Sus, llamémosle peculiaridades, cada vez se encuentran más exacerbadas. Se han incrementado los episodios de crisis, de negativismo, de rabietas..
No acabamos de identificar los detonantes, lo cual nos complica la anticipación y la adopción de estrategias.
Salir a la calle a, simplemente recoger a sus hermanos del colegio es misión imposible. He de pagar un servicio de aula matinal para poder ir más tarde cuando ya no haya alumnos porque no puede enfrentarse a una multitud. El estrés auditivo y visual es demasiado para él. (HOLA AUTISMO).
No podemos dar dos pasos sin que se tire al suelo y se haga un ovillo. No soporta ver gente en la misma acera, en el portal, en un paso de peatones. Y no son pocas las veces que yo voy detrás, lógicamente.
Imaginad la situación: se tensan todos los músculos, se pone rígido y, a ver cómo lo mueves. Ya he optado por ponerme ropa hiper cómoda para no ir dando una alegría cada vez que me agacho con falda…

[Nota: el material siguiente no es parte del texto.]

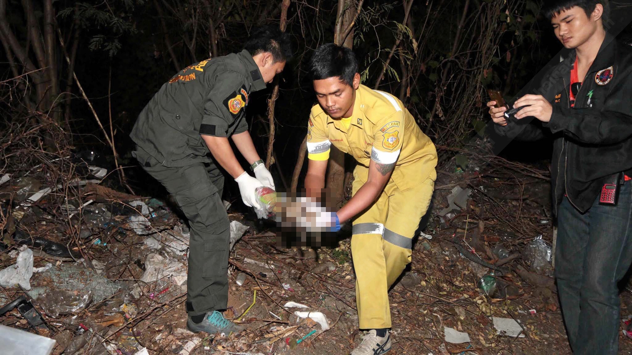 เจ้าหน้าที่มูลนิธิร่วมกตัญญูกำลังเก็บศพทารกเพศชายอายุในครรภ์ประมาณ 5 เดือน อวัยวะครบทุกส่วน เสียชีวิตมาประมาณ 4-5 วัน ถูกนำมาทิ้งไว้กลางซอยเสนานิคม 1 26 แยก 3 คาดวัยรุ่นใจแตกทำแท้งแล้วนำศพมาทิ้ง.

Si alguien se para a saludarme empieza a gritar, a pegarme en el antebrazo, a agarrarme con fuerza, a tirarme del pelo y, últimamente, a morderme. Mi brazo con hematomas es un ejemplo visible. Y, a los dos segundos, una vez que me disculpo por no poder atender a esa persona, se levanta, como si nada, sonríe y le dice adiós con la mano mientras no deja de mantener el contacto visual hasta que se cerciora de que ya no se encuentra dentro de su «radio de acción».
Si, por la razón que sea, me quedo unos días sola con los tres porque el padre ha de salir por motivos de trabajo (algo relativamente frecuente), he de organizar todo previamente porque ir a comprar es simplemente inviable.
No puedo acercarme a una farmacia, o a un kiosco.
No podemos bajar a la plaza a jugar.
Sacar a la perra es momento de disfrute, siempre y cuando sea a las 7 de la mañana, algo que me garantiza un paseo desierto y tempranero.
Si nos vemos a forzados a salir, qué te digo yo, a que tomen el aire por aquello de no estar encerrados y la salud y tal, lo pagan mis huesos y ligamentos, además de mi salud mental, ya que me toca estar cantando la sintonía del corto de «Los tres cerditos» en bucle o las dos cover de Doraemon.
¿Que no te lo crees? De memoria…
«Yo voy a construir, mi casa como ves, de paja es y soy muy feliz tocando mi flautín (…)»
…y ahí es donde he de silbar emulando al cerdo con flauta. Épico.
No deja de ser divertido pensar cómo nos ven desde el otro lado mientras dos niños y una adulta van cantando por la calle a grito pelado, mientras un tercero hiperventila y grita de alegría…
Pero estas conductas no las reproduce con su padre. Con él no.
Solo conmigo.
Este fin de semana ha sido muy duro.
De hecho compartía con Luis que hacía años -atención a esta palabra, años- que no lo pasaba tan mal, porque, por lo general, me apaño bastante bien.
Pero no, este fin de semana se alinearon rabietas de #Elde5, de #Elde9, además de su malestar general y su conducta cada vez más compleja.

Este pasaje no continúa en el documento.